If you are witnessing fraud by your employer, you may be ambivalent about speaking out against it. After all, you have a good stable, well-paying job, and these types of jobs don’t grow on trees. Even if you are not fired for speaking out, you could be marginalized and made to feel miserable for your purported transgression.

However, federal law protects people like you; better known as whistleblowers.  But before becoming a whistleblower and possibly participating in a False Claims Act case, you may have a number of questions. This post will highlight a few common questions whistleblowers may have. 

How do I know if my employer intended to defraud the government? – When you first find out that something is amiss, you may not specifically know if your employer specifically intended to defraud the government. In fact, the purported acts may have to be investigated further in order to make this determination. Nevertheless, a false claim act case can be based on a company’s disregard for reporting rules.

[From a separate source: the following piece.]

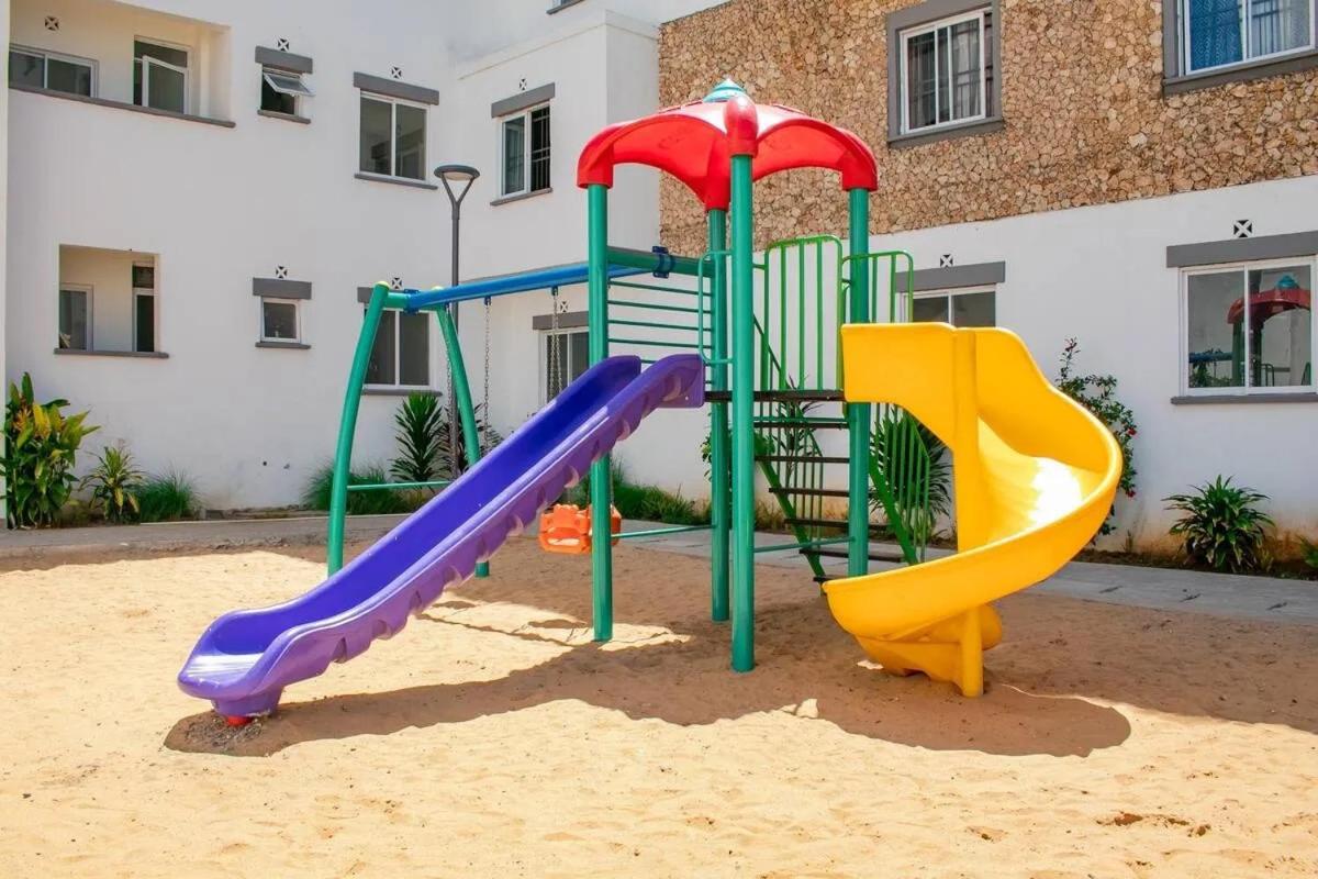 The apartment features a childrens playground and a picnic area.

What if I contributed to the fraud? – You may be ambivalent about coming forward because you may have been part of the fraud. However, this does not prohibit you from being a whistleblower. An experienced attorney can help explain what your liability, if any, may be.

Will my employer fire me for exposing fraud? – Employers are prohibited by federal law from firing an employee who initiates or participates in a whistleblower suit. So while an employer may threaten your employment in trying to silence you, there is legal recourse in the event your employment is terminated.